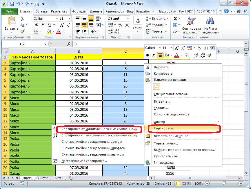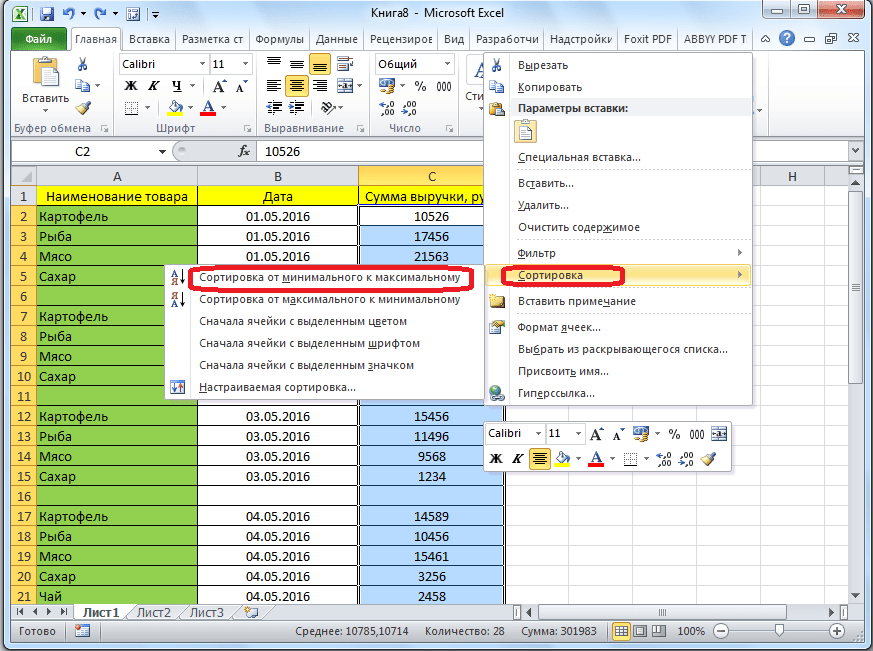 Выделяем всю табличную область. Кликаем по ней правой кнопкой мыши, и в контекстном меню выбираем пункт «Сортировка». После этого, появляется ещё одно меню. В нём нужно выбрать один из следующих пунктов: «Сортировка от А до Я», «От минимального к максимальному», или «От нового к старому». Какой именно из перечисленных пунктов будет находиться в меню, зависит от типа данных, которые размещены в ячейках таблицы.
...
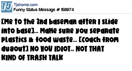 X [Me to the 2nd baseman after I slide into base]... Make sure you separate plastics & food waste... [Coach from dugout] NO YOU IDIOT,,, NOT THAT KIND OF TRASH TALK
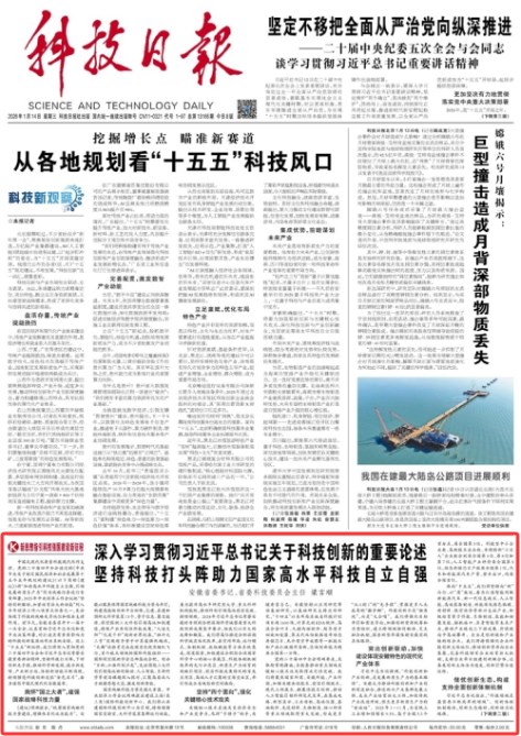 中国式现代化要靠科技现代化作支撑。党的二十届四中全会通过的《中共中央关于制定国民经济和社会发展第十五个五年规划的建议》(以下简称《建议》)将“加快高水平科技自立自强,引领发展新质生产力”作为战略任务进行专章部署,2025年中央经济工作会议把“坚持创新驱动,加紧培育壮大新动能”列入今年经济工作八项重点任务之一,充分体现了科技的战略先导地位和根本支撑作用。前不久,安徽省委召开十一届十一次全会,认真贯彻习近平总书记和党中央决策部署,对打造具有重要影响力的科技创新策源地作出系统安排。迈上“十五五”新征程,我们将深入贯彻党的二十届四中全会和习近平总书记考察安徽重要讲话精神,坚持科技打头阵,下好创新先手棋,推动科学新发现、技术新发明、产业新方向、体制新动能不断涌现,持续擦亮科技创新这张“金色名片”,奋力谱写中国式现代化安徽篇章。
--
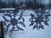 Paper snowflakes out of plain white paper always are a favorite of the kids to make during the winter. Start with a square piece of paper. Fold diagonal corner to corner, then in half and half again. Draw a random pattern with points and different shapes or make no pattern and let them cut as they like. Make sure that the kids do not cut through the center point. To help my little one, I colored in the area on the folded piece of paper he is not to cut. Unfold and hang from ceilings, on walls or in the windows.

> **Task goal**
When you reach the line that has "X [Me to the" in the data above, start repeating lines exactly, and stop after the line that has "中国式现代化要靠科技现代化作"; pictures stay out.

> **Task answer**
 X [Me to the 2nd baseman after I slide into base]... Make sure you separate plastics & food waste... [Coach from dugout] NO YOU IDIOT,,, NOT THAT KIND OF TRASH TALK
 中国式现代化要靠科技现代化作支撑。党的二十届四中全会通过的《中共中央关于制定国民经济和社会发展第十五个五年规划的建议》(以下简称《建议》)将“加快高水平科技自立自强,引领发展新质生产力”作为战略任务进行专章部署,2025年中央经济工作会议把“坚持创新驱动,加紧培育壮大新动能”列入今年经济工作八项重点任务之一,充分体现了科技的战略先导地位和根本支撑作用。前不久,安徽省委召开十一届十一次全会,认真贯彻习近平总书记和党中央决策部署,对打造具有重要影响力的科技创新策源地作出系统安排。迈上“十五五”新征程,我们将深入贯彻党的二十届四中全会和习近平总书记考察安徽重要讲话精神,坚持科技打头阵,下好创新先手棋,推动科学新发现、技术新发明、产业新方向、体制新动能不断涌现,持续擦亮科技创新这张“金色名片”,奋力谱写中国式现代化安徽篇章。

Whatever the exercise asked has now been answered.